Monday, September 22, 2014

Ohio’s Innocence Protection Act Expands Access to DNA Testing after Conviction

Q:       What does Ohio law say about DNA testing?
A:        Senate Bill 77 became effective on July 6, 2010, and was hailed as one of the nation’s most comprehensive criminal justice reform packages. Its goal was to help prevent wrongful convictions and make it easier to obtain DNA testing when testing might undermine confidence in a “guilty” verdict. The provisions related to post-conviction DNA testing are as follows: 1) a requirement that DNA evidence be preserved for all “serious crimes”; and 2) expansion of Ohio’s post-conviction DNA testing law to include those released from prison but still under state supervision. The legislature also re-defined “definitive DNA test” to allow applicants to request post-conviction DNA testing, even if testing was already done, in case new DNA technology might reveal new information. This article addresses only the provisions of the law regarding DNA evidence.

Q:       How might DNA testing help expose a wrongful conviction?
A:        A wrongful conviction might be exposed if, for example, DNA evidence is certain or highly likely to contain biological evidence from the perpetrator(s) of the crime.   
            Or, if the prosecutor linked evidence to a defendant at trial and DNA testing can disprove the purported link, and it may also undermine the reliability of other evidence in the original case.
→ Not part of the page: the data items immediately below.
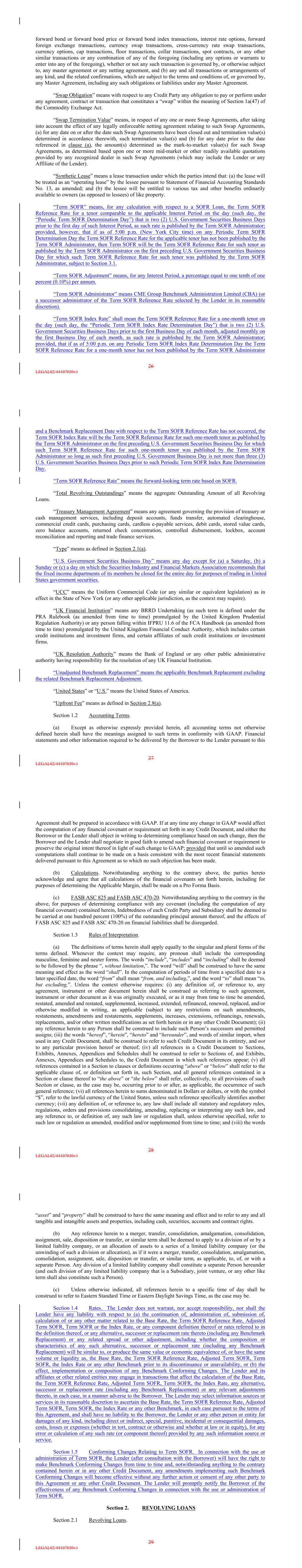 forward bond or forward bond price or forward bond index transactions, interest rate options, forward foreign exchange transactions, currency swap transactions, cross-currency rate swap transactions, currency options, cap transactions, floor transactions, collar transactions, spot contracts, or any other similar transactions or any combination of any of the foregoing (including any options or warrants to enter into any of the foregoing), whether or not any such transaction is governed by, or otherwise subject to, any master agreement or any netting agreement, and (b) any and all transactions or arrangements of any kind, and the related confirmations, which are subject to the terms and conditions of, or governed by, any Master Agreement, including any such obligations or liabilities under any Master Agreement. “Swap Obligation” means with respect to any Credit Party any obligation to pay or perform under any agreement, contract or transaction that constitutes a “swap” within the meaning of Section 1a(47) of the Commodity Exchange Act. “Swap Termination Value” means, in respect of any one or more Swap Agreements, after taking into account the effect of any legally enforceable netting agreement relating to such Swap Agreements, (a) for any date on or after the date such Swap Agreements have been closed out and termination value(s) determined in accordance therewith, such termination value(s) and (b) for any date prior to the date referenced in clause (a), the amount(s) determined as the mark-to-market value(s) for such Swap Agreements, as determined based upon one or more mid-market or other readily available quotations provided by any recognized dealer in such Swap Agreements (which may include the Lender or any Affiliate of the Lender). “Synthetic Lease” means a lease transaction under which the parties intend that: (a) the lease will be treated as an “operating lease” by the lessee pursuant to Statement of Financial Accounting Standards No. 13, as amended; and (b) the lessee will be entitled to various tax and other benefits ordinarily available to owners (as opposed to lessees) of like property. “Term SOFR” means, for any calculation with respect to a SOFR Loan, the Term SOFR Reference Rate for a tenor comparable to the applicable Interest Period on the day (such day, the “Periodic Term SOFR Determination Day”) that is two (2) U.S. Government Securities Business Days prior to the first day of such Interest Period, as such rate is published by the Term SOFR Administrator; provided, however, that if as of 5:00 p.m. (New York City time) on any Periodic Term SOFR Determination Day the Term SOFR Reference Rate for the applicable tenor has not been published by the Term SOFR Administrator, then Term SOFR will be the Term SOFR Reference Rate for such tenor as published by the Term SOFR Administrator on the first preceding U.S. Government Securities Business Day for which such Term SOFR Reference Rate for such tenor was published by the Term SOFR Administrator, subject to Section 3.1. “Term SOFR Adjustment” means, for any Interest Period, a percentage equal to one tenth of one percent (0.10%) per annum. “Term SOFR Administrator” means CME Group Benchmark Administration Limited (CBA) (or a successor administrator of the Term SOFR Reference Rate selected by the Lender in its reasonable discretion). “Term SOFR Index Rate” shall mean the Term SOFR Reference Rate for a one-month tenor on the day (such day, the “Periodic Term SOFR Index Rate Determination Day”) that is two (2) U.S. Government Securities Business Days prior to the first Business Day of each month, adjusted monthly on the first Business Day of each month, as such rate is published by the Term SOFR Administrator; provided, that if as of 5:00 p.m. on any Periodic Term SOFR Index Rate Determination Day the Term SOFR Reference Rate for a one-month tenor has not been published by the Term SOFR Administrator 26 LEGAL02/44107030v1 and a Benchmark Replacement Date with respect to the Term SOFR Reference Rate has not occurred, the Term SOFR Index Rate will be the Term SOFR Reference Rate for such one-month tenor as published by the Term SOFR Administrator on the first preceding U.S. Government Securities Business Day for which such Term SOFR Reference Rate for such one-month tenor was published by the Term SOFR Administrator so long as such first preceding U.S. Government Business Day is not more than three (3) U.S. Government Securities Business Days prior to such Periodic Term SOFR Index Rate Determination Day. “Term SOFR Reference Rate” means the forward-looking term rate based on SOFR. “Total Revolving Outstandings” means the aggregate Outstanding Amount of all Revolving Loans. “Treasury Management Agreement” means any agreement governing the provision of treasury or cash management services, including deposit accounts, funds transfer, automated clearinghouse, commercial credit cards, purchasing cards, cardless e-payable services, debit cards, stored value cards, zero balance accounts, returned check concentration, controlled disbursement, lockbox, account reconciliation and reporting and trade finance services. “Type” means as defined in Section 2.1(a). “U.S. Government Securities Business Day” means any day except for (a) a Saturday, (b) a Sunday or (c) a day on which the Securities Industry and Financial Markets Association recommends that the fixed income departments of its members be closed for the entire day for purposes of trading in United States government securities. “UCC” means the Uniform Commercial Code (or any similar or equivalent legislation) as in effect in the State of New York (or any other applicable jurisdiction, as the context may require). “UK Financial Institution” means any BRRD Undertaking (as such term is defined under the PRA Rulebook (as amended from time to time) promulgated by the United Kingdom Prudential Regulation Authority) or any pers
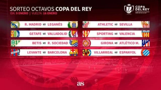 抽签仪式上,西班牙足协公布了1/8决赛的赛程。首回合比赛将于1月5日或6日举行,次回合比赛将于1月15日、16日或17日举行。1/4决赛抽签仪式将于1月18日举行。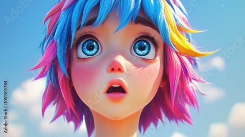 Classic anime 3D cartoon character, exaggerated expressions, colorful hair and vibrant outfits, detailed face, engaging style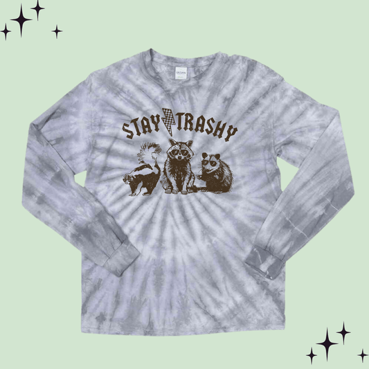 Stay Trashy Skunk Raccoon Opossum Silver Cyclone Tie Dyed Cotton Graphic T-Shirt

DNA testing in such cases may not only exclude the defendant, but also identify another individual as the source.  In other cases, even an alternate suspect’s DNA found on any item from the crime scene may help exonerate the defendant and point to the alternate suspect as the perpetrator.
            Finally, a wrongful conviction might also be exposed in a case where the perpetrator left biological material on several different items. If DNA testing can show that the perpetrator likely touched items from the crime scene, and  that they all have the same profile, which does not match the defendant’s, then the defendant's innocence may be established and  the perpetrator’s guilt revealed. 
Q:       What “serious crimes” qualify for preservation of DNA evidence?
A:        “Serious crimes” such as murders or aggravated murder require that biological evidence be kept as long as the crime remains unsolved. Biological evidence must be kept for 30 years in unsolved cases involving: voluntary manslaughter; involuntary manslaughter; aggravated vehicular homicide, vehicular homicide, and vehicular manslaughter when they are felonies of the first or second degree; rape; attempted rape; sexual battery; and gross sexual imposition where the victim is underage.
            Biological evidence must be kept for 30 years or until incarceration or supervision expires (whichever is shorter) for someone who has been convicted of or pleads guilty to a “serious crime,” or is adjudicated a delinquent child. If, after 30 years, the person remains incarcerated, the biological evidence is kept until the person is released or dies. If someone pleads guilty or no contest and appeals have been exhausted, the state may destroy the evidence five years after the plea unless the person who pled asks the court to keep the evidence and the court agrees. These requirements apply to evidence the state possessed when Senate Bill 77 was enacted, and to evidence gathered since.

 Q:      Who must submit DNA to the state?
A:        Anyone who is at least 18 years old and was arrested on or after July 1, 2011 for a felony offense, and anyone presently incarcerated or under community control sanctions for a felony offense, must submit to DNA collection. DNA also must be collected from individuals who commit these misdemeanor offenses: 1) attempt to commit, or complicity in committing, unlawful sexual conduct with a minor; 2) a misdemeanor offense arising from a charge of aggravated murder, murder, kidnapping, rape, sexual battery, unlawful sexual conduct with a minor, gross sexual imposition, aggravated burglary; 3) a misdemeanor offense of interference with child custody that would have been considered kidnapping or extortion before July 1, 1996; and/or 4) a sexually oriented or child-victim misdemeanor offense.

Q:       I was convicted of a felony offense. Can I request DNA testing to challenge my conviction?
A:        You, as an offender, may request state-funded DNA testing if a judge or jury convicted you of a felony offense, and one of the following applies: 1) you are serving a prison term, have been paroled, are on probation or post-release control, or you have been released from prison under a term of community control sanction for that felony; 2) you were sentenced to and are under community control sanction for that felony; 3) the felony was a sexually oriented offense or child-victim oriented offense, and you must register as a sex offender. You are not eligible to apply for state-funded DNA testing if you pled guilty or no contest, but if you do not qualify for state-funded testing, you can seek post-conviction DNA testing through other means.

This “Law You Can Use” column was provided by the Ohio State Bar Association (OSBA).  It was prepared by attorney Carrie Wood of the Ohio Public Defender’s Office.  The column offers general information about the law.  Seek an attorney’s advice before applying this information to a legal problem.